WHAT THE EXERCISE ASKS | Starting at the first line of the data, print each line verbatim up to and including the line bearing "A wonderfully beautiful", omitting pictures.

EXERCISE INPUTS |
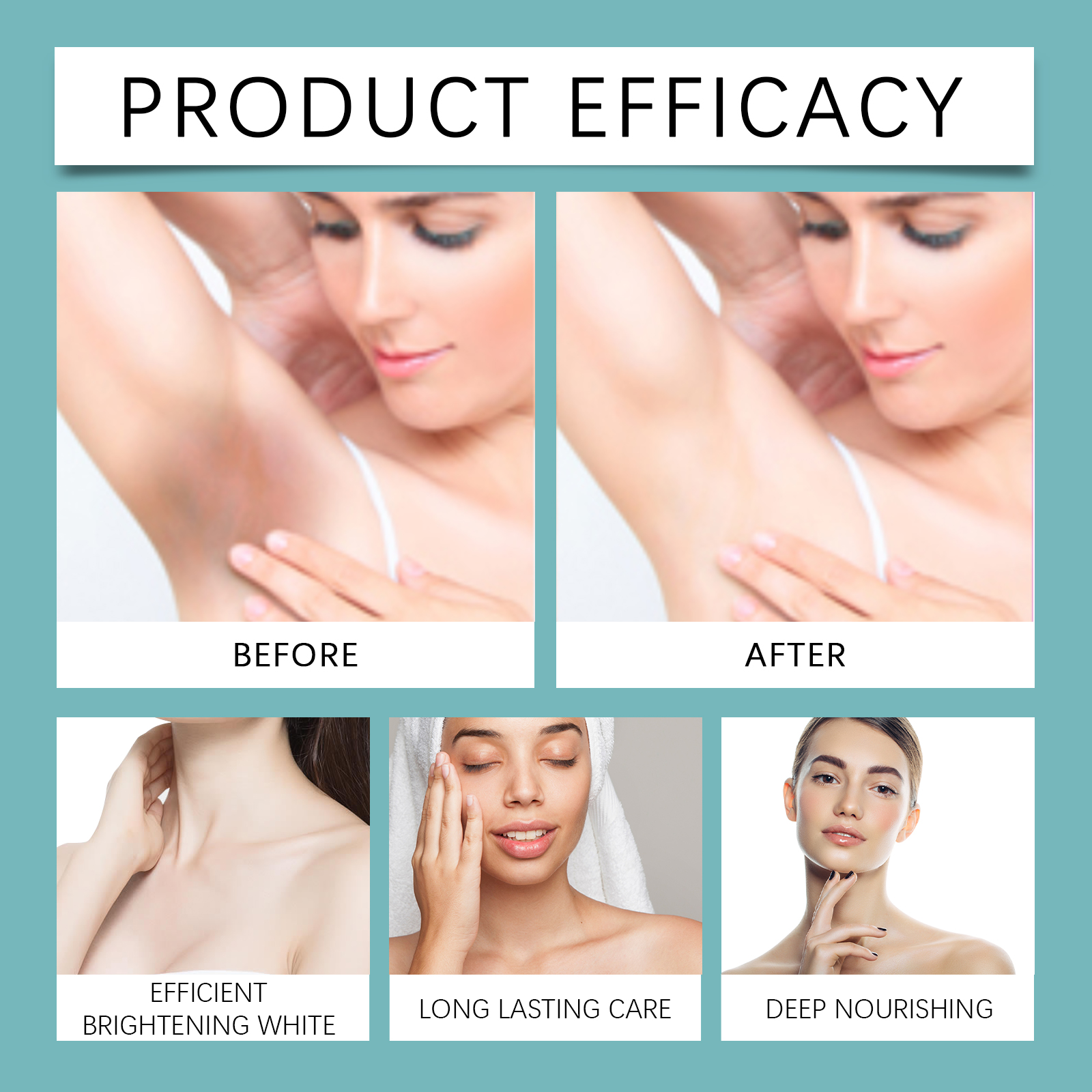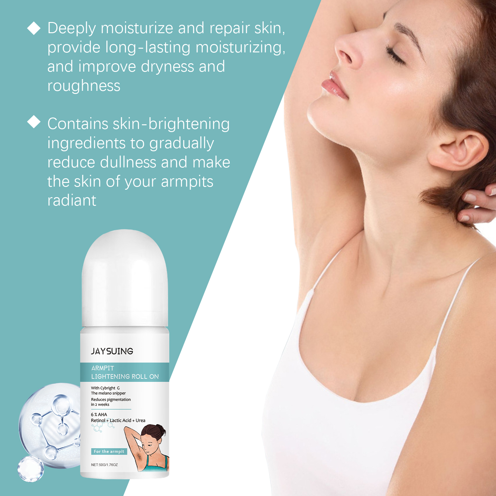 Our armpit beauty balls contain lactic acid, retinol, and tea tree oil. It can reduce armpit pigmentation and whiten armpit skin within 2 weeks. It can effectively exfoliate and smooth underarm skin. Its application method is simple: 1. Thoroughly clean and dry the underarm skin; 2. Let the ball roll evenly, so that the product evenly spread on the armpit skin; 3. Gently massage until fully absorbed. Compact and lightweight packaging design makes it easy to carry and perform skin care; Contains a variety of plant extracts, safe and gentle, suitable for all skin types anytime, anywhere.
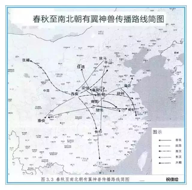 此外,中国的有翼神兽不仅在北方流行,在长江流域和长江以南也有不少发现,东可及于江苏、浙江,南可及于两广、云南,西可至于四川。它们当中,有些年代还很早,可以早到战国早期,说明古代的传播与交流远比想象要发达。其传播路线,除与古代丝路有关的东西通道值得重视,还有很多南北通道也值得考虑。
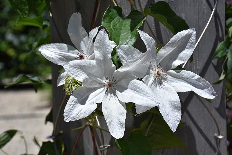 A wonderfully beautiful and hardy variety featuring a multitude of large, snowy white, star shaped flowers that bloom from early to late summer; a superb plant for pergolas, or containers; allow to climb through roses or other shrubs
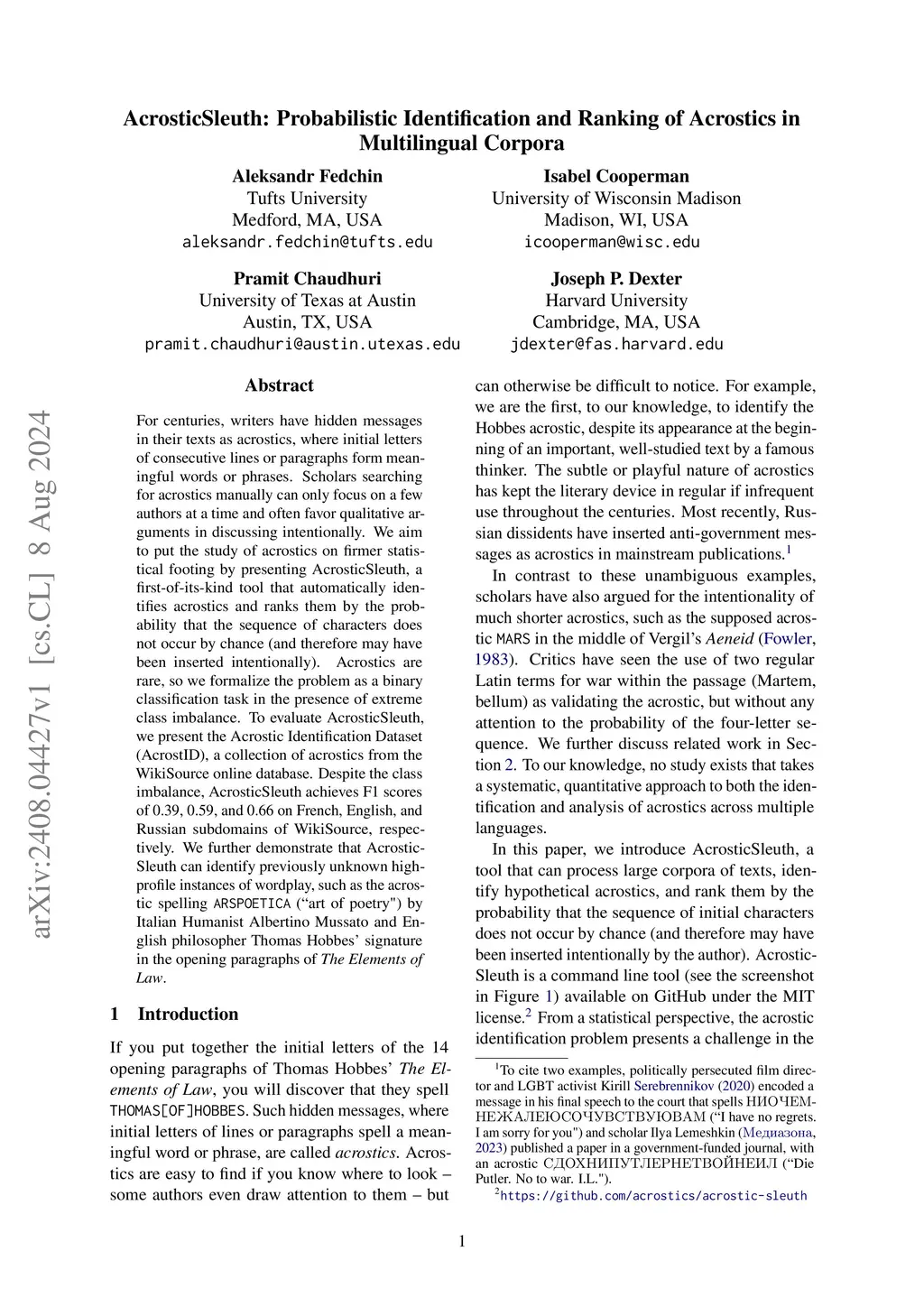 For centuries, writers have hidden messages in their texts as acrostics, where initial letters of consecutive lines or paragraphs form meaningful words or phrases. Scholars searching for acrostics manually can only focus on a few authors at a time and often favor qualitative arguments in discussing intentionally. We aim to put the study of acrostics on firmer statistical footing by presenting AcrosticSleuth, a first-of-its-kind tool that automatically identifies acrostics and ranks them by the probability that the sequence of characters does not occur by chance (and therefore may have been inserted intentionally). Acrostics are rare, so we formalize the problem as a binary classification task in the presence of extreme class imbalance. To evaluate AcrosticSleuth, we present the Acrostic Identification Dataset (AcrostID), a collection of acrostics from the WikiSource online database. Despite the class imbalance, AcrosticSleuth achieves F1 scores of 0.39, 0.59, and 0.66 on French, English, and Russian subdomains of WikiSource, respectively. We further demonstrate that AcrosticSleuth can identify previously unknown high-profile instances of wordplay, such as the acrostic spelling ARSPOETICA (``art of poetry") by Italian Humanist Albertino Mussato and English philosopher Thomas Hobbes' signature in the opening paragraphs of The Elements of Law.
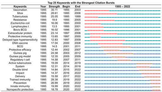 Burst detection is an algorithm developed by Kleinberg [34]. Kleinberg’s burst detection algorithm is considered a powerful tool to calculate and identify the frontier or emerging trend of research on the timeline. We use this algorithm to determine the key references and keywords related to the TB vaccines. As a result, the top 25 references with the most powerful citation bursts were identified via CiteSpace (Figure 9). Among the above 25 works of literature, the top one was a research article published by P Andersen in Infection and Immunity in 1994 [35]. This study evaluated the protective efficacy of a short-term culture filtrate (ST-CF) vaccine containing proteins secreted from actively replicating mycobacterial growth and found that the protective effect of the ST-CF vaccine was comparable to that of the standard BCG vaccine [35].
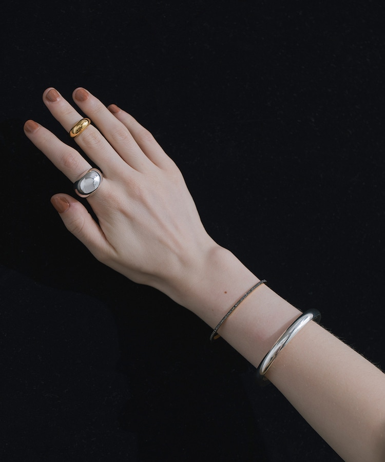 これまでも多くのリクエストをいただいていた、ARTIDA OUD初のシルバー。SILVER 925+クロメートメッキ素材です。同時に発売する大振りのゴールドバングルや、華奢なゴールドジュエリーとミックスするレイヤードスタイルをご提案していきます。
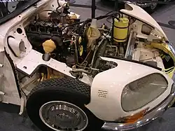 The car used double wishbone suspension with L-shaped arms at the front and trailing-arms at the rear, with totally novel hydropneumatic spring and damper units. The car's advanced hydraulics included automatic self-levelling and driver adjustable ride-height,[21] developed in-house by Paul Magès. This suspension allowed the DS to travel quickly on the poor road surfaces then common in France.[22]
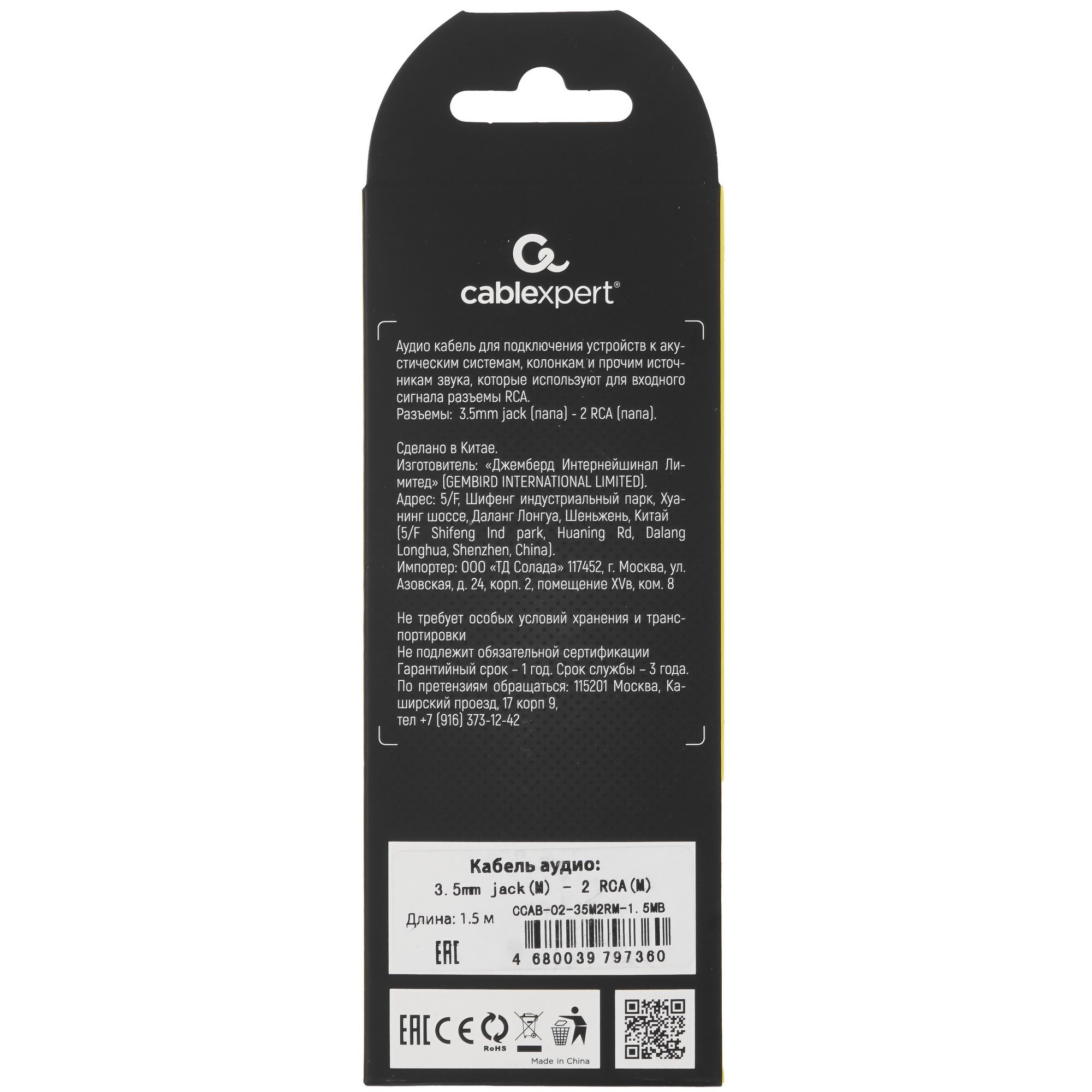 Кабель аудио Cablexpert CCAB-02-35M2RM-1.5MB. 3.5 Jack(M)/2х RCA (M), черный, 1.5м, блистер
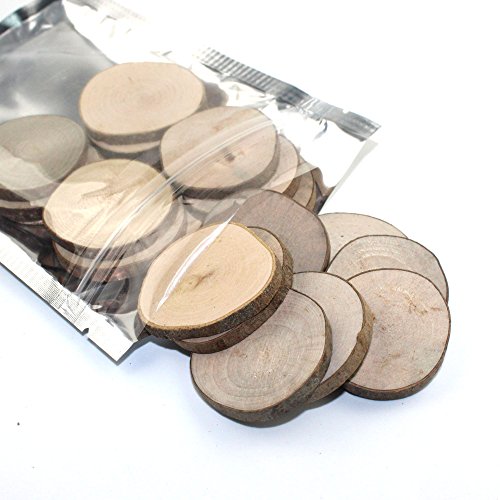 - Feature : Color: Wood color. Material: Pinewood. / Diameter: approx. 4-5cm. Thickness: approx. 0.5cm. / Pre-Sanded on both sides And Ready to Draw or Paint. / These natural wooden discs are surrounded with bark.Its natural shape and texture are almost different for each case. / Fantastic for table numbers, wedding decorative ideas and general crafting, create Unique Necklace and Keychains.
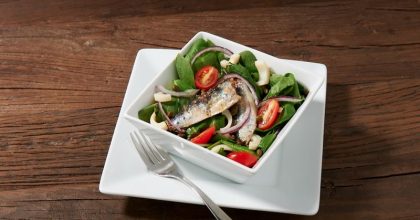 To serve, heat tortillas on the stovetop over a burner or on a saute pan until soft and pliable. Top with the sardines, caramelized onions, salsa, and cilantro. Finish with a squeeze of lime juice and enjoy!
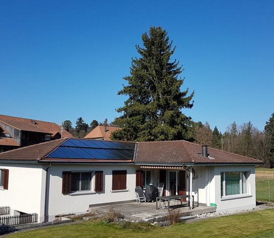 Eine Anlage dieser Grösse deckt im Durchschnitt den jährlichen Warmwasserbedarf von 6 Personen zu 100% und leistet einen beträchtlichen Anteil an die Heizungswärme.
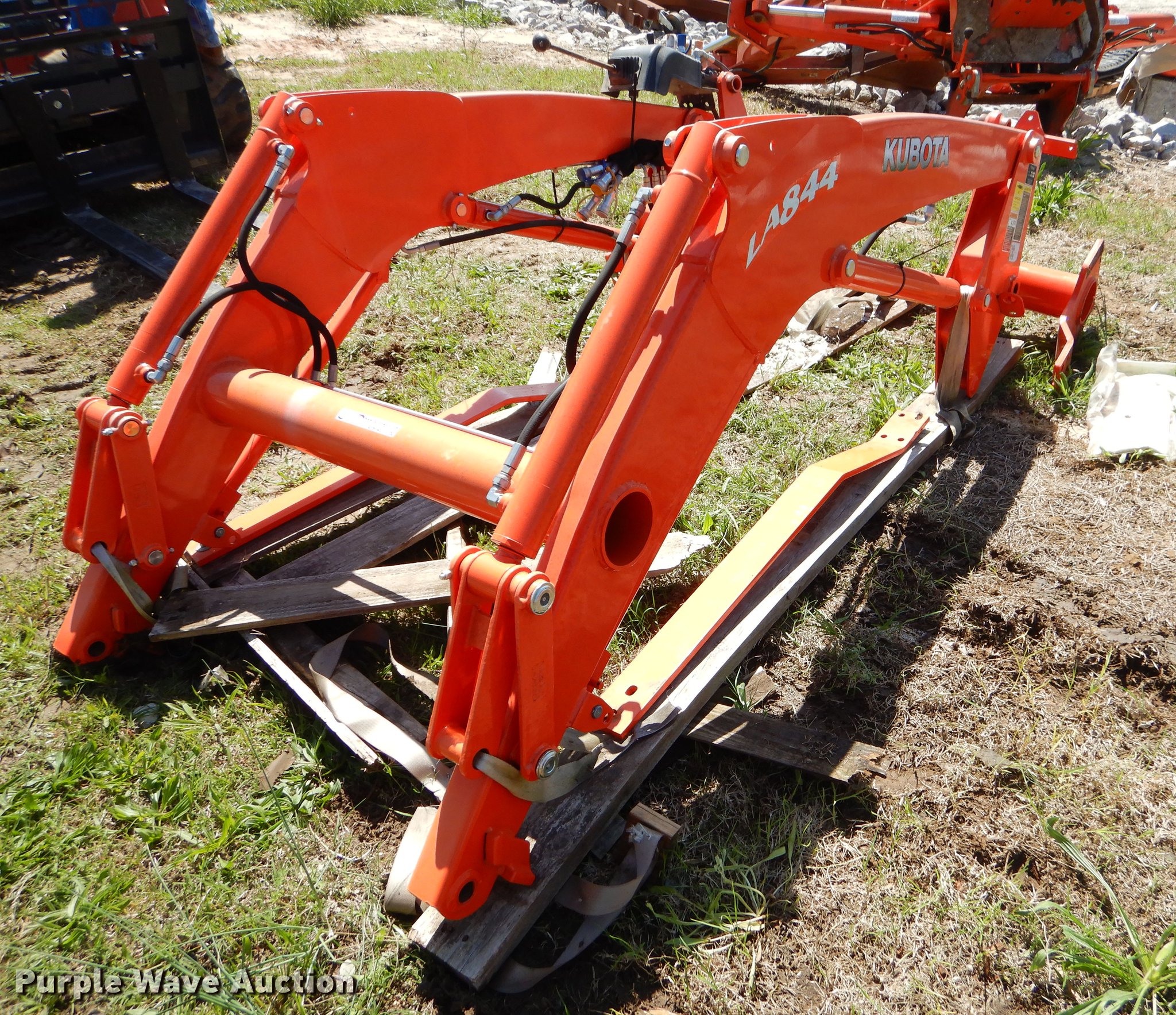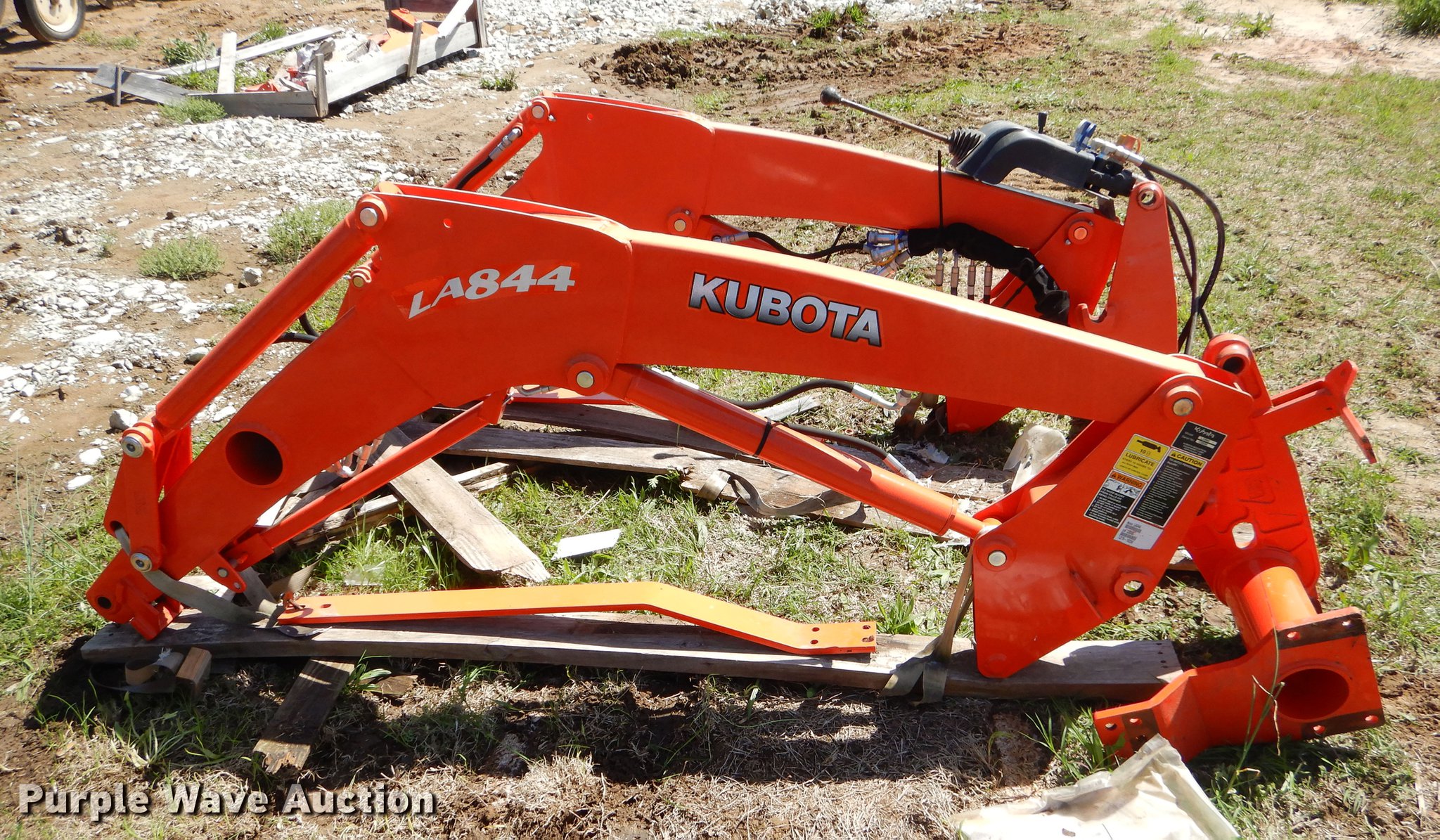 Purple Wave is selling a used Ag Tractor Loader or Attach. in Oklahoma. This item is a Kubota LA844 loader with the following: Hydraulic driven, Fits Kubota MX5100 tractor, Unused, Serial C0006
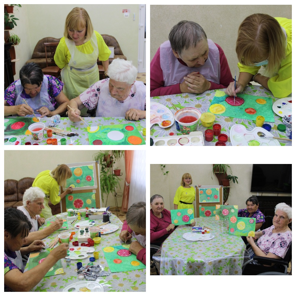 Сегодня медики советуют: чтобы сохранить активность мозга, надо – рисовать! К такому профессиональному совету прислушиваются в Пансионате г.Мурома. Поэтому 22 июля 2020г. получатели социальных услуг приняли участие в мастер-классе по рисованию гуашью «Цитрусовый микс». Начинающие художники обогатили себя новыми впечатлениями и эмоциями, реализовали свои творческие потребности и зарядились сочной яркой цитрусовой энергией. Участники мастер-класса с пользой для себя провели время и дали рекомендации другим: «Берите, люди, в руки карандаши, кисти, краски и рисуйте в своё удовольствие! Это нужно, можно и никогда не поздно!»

ANSWER BOX |
 Our armpit beauty balls contain lactic acid, retinol, and tea tree oil. It can reduce armpit pigmentation and whiten armpit skin within 2 weeks. It can effectively exfoliate and smooth underarm skin. Its application method is simple: 1. Thoroughly clean and dry the underarm skin; 2. Let the ball roll evenly, so that the product evenly spread on the armpit skin; 3. Gently massage until fully absorbed. Compact and lightweight packaging design makes it easy to carry and perform skin care; Contains a variety of plant extracts, safe and gentle, suitable for all skin types anytime, anywhere.
 此外,中国的有翼神兽不仅在北方流行,在长江流域和长江以南也有不少发现,东可及于江苏、浙江,南可及于两广、云南,西可至于四川。它们当中,有些年代还很早,可以早到战国早期,说明古代的传播与交流远比想象要发达。其传播路线,除与古代丝路有关的东西通道值得重视,还有很多南北通道也值得考虑。
 A wonderfully beautiful and hardy variety featuring a multitude of large, snowy white, star shaped flowers that bloom from early to late summer; a superb plant for pergolas, or containers; allow to climb through roses or other shrubs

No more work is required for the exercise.